[Data shown]
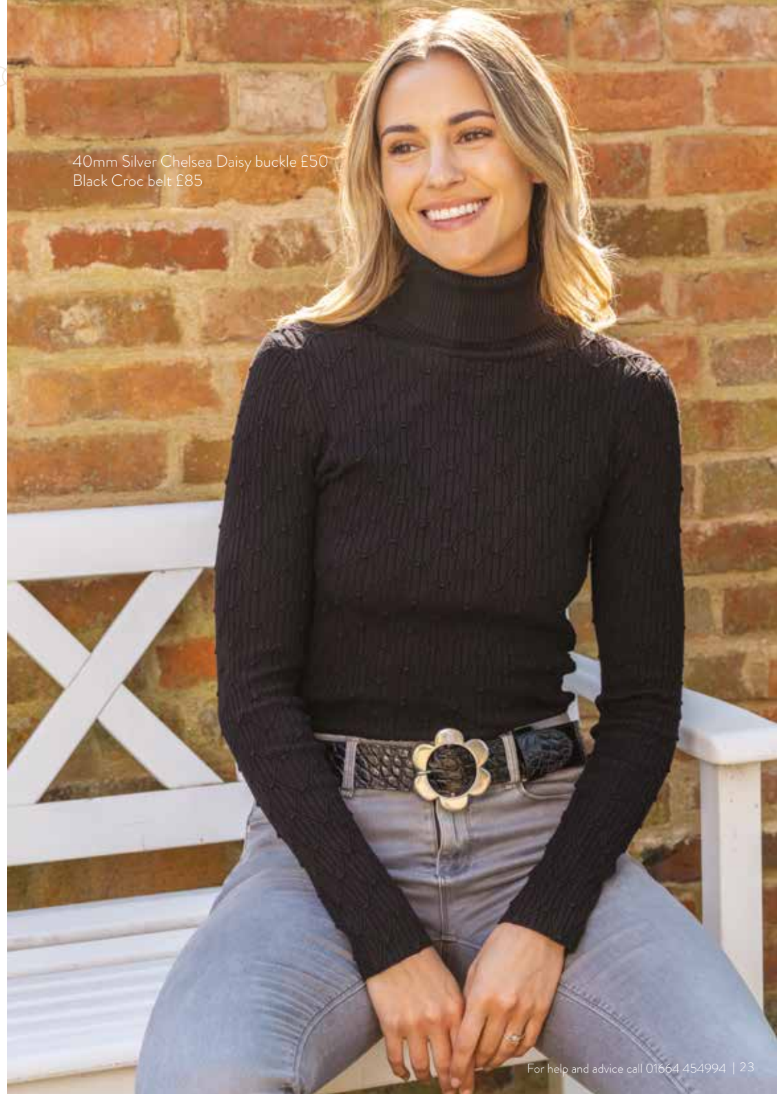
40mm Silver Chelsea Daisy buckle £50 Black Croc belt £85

* * *

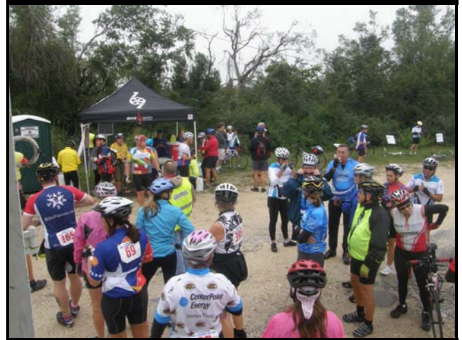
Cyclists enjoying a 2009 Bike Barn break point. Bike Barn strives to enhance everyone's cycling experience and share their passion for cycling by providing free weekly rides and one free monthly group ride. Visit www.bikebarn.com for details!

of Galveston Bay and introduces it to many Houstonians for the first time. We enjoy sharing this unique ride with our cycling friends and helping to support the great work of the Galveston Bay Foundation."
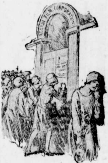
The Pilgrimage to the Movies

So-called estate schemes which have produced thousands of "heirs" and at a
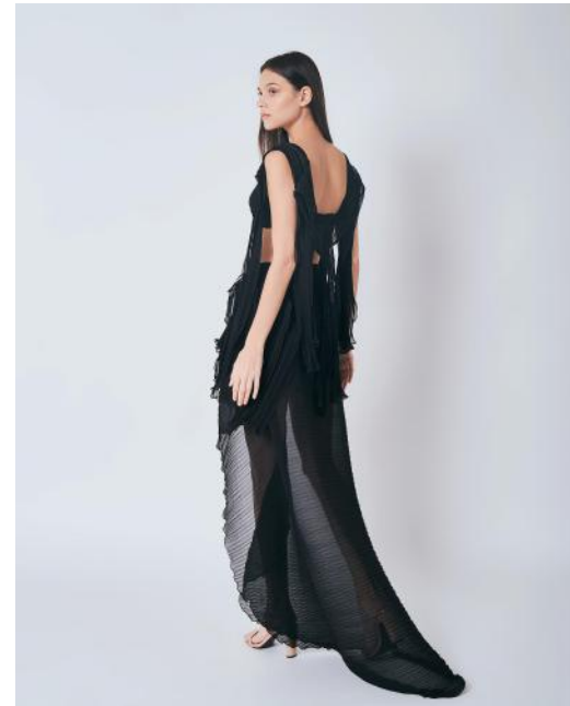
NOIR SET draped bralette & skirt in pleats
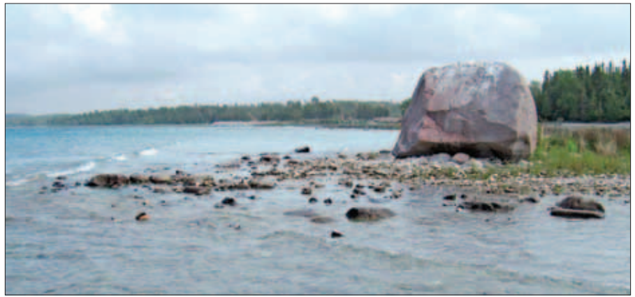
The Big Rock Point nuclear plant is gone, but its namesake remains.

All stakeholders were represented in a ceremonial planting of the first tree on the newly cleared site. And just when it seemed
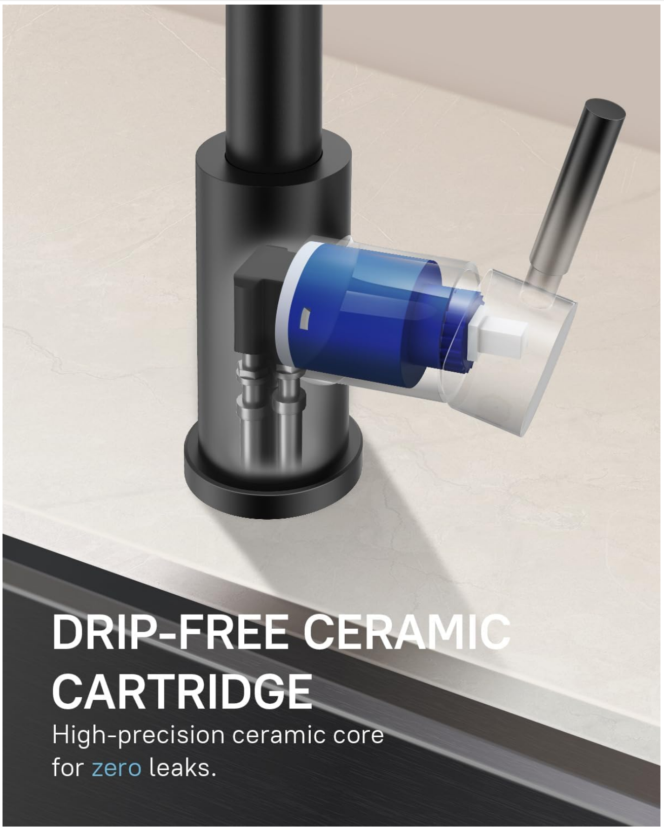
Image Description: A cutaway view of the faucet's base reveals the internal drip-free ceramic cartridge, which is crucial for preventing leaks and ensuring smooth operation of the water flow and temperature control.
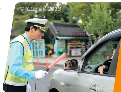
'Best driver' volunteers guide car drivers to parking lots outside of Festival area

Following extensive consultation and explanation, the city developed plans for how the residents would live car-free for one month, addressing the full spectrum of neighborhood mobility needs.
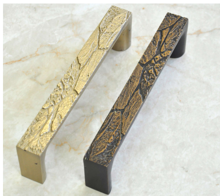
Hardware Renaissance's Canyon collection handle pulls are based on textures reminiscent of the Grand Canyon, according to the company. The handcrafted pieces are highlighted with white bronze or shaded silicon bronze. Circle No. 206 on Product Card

--

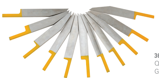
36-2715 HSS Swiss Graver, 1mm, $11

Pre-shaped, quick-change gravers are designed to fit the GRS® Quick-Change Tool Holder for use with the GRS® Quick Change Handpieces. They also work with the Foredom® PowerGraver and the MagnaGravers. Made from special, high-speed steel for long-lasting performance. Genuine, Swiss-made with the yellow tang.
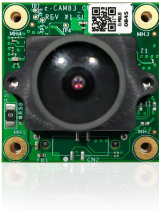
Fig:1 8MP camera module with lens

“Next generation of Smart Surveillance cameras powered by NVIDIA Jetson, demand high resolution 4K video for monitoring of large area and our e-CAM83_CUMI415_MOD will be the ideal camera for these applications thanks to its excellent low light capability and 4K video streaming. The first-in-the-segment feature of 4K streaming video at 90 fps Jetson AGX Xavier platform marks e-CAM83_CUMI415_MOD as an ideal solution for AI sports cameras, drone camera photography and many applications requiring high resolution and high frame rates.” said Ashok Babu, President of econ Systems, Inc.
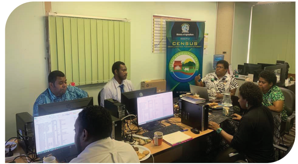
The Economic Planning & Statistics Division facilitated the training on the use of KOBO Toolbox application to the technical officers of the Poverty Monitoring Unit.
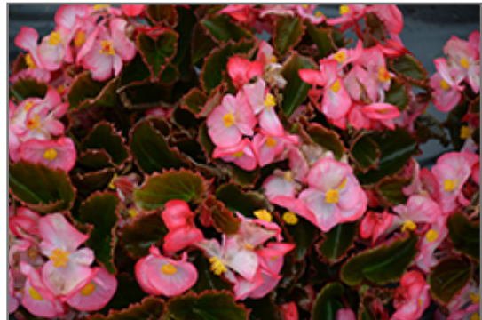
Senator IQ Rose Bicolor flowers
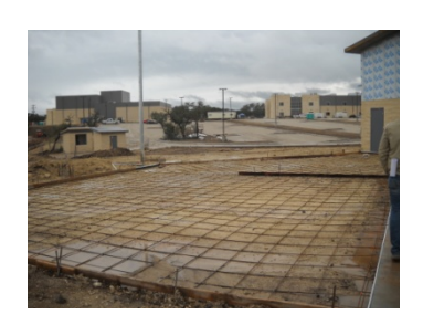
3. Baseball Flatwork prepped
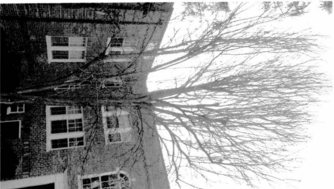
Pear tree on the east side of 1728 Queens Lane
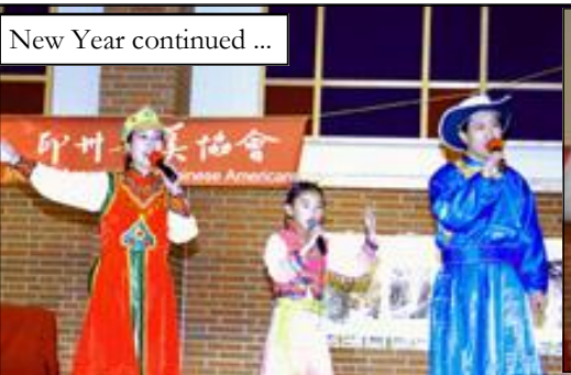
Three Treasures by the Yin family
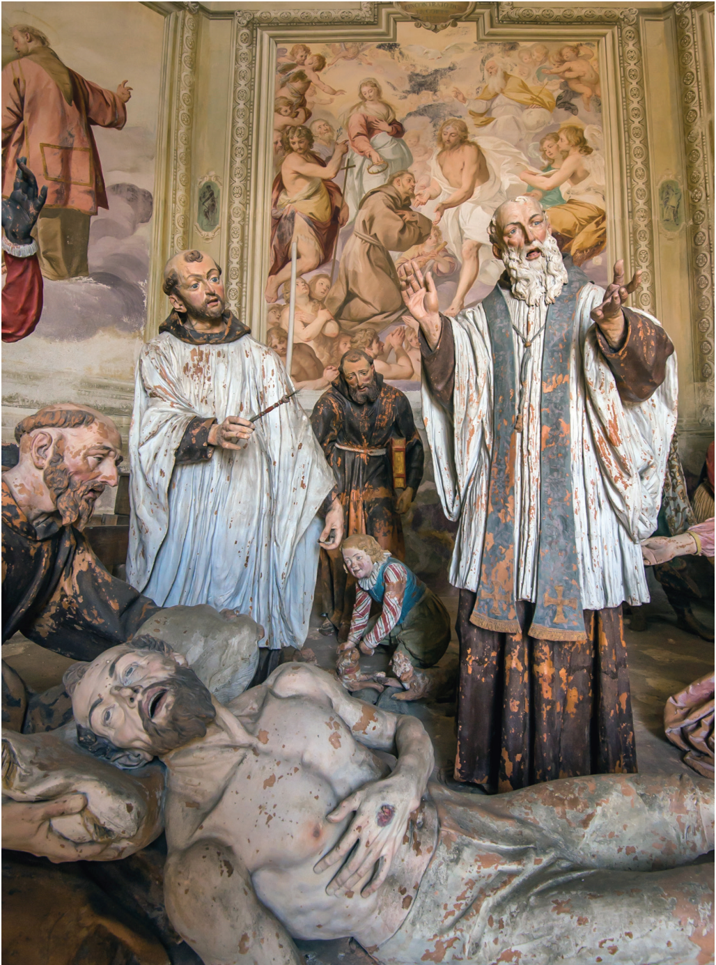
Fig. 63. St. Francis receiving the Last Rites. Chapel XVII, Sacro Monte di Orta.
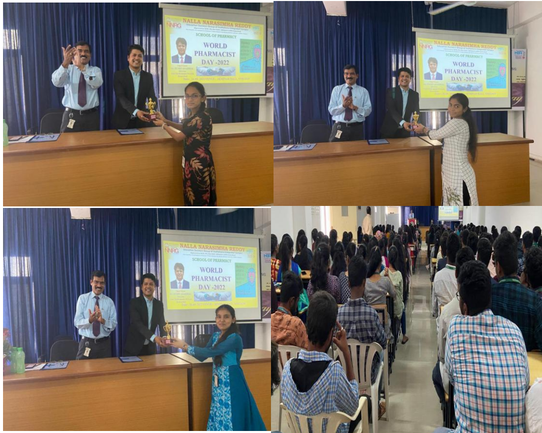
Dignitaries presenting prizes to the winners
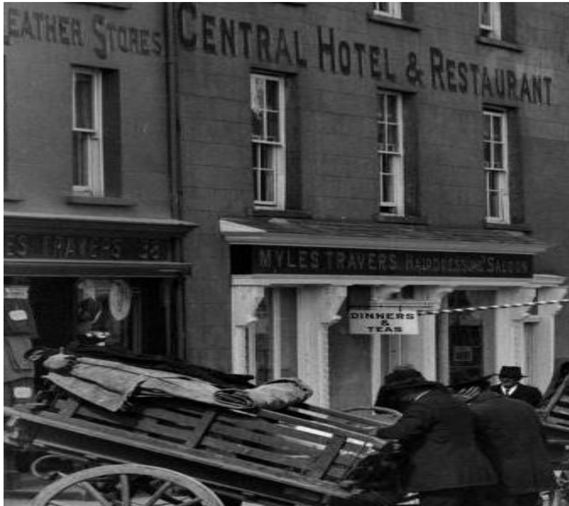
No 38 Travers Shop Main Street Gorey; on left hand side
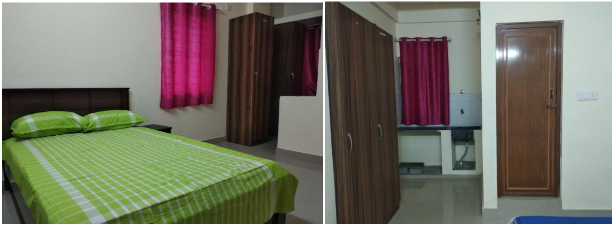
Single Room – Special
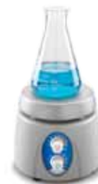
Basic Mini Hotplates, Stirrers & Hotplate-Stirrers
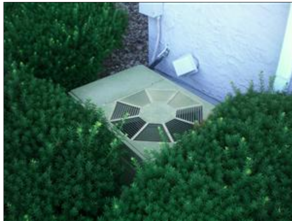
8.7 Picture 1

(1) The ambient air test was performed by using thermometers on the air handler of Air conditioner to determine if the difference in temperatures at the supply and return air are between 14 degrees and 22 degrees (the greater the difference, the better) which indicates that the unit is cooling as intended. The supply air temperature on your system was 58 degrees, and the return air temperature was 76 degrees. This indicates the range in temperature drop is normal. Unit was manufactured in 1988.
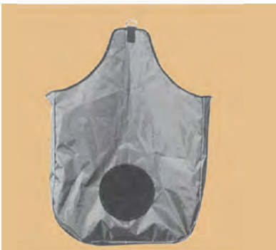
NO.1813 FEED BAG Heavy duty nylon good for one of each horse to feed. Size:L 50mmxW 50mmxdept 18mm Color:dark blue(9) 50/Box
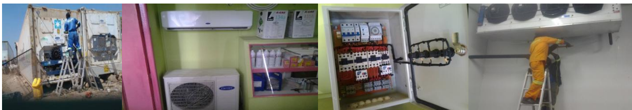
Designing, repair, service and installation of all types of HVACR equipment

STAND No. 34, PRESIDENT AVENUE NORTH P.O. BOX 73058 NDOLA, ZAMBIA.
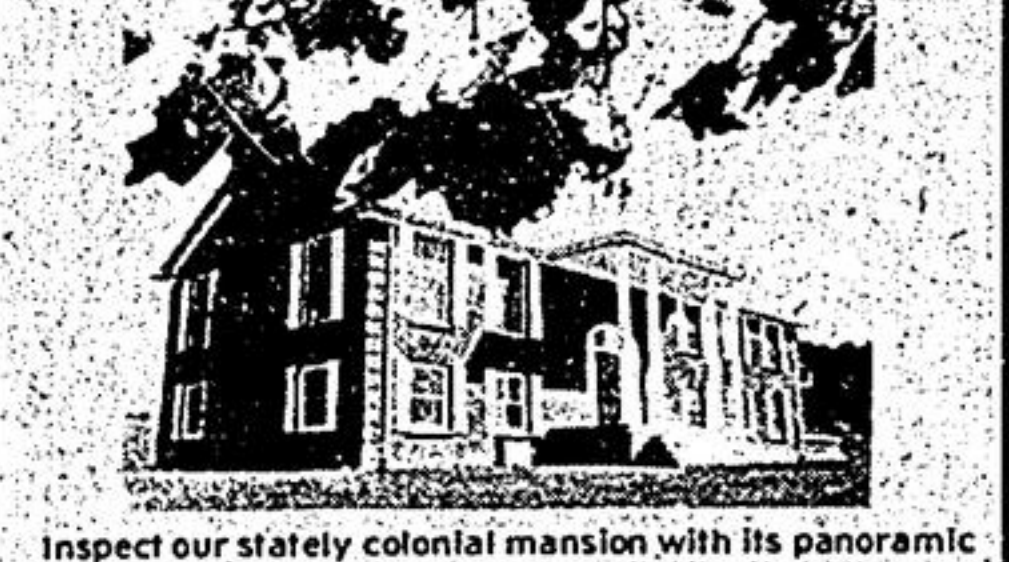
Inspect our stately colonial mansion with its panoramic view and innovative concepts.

[Exercise instructions] Nothing except the lines from the one containing "All stakeholders were" through the one containing "Hardware Renaissance's Canyon" should appear in the answer, exactly as above and without pictures.

[Written response]
All stakeholders were represented in a ceremonial planting of the first tree on the newly cleared site. And just when it seemed
Image Description: A cutaway view of the faucet's base reveals the internal drip-free ceramic cartridge, which is crucial for preventing leaks and ensuring smooth operation of the water flow and temperature control.
'Best driver' volunteers guide car drivers to parking lots outside of Festival area

Following extensive consultation and explanation, the city developed plans for how the residents would live car-free for one month, addressing the full spectrum of neighborhood mobility needs.
Hardware Renaissance's Canyon collection handle pulls are based on textures reminiscent of the Grand Canyon, according to the company. The handcrafted pieces are highlighted with white bronze or shaded silicon bronze. Circle No. 206 on Product Card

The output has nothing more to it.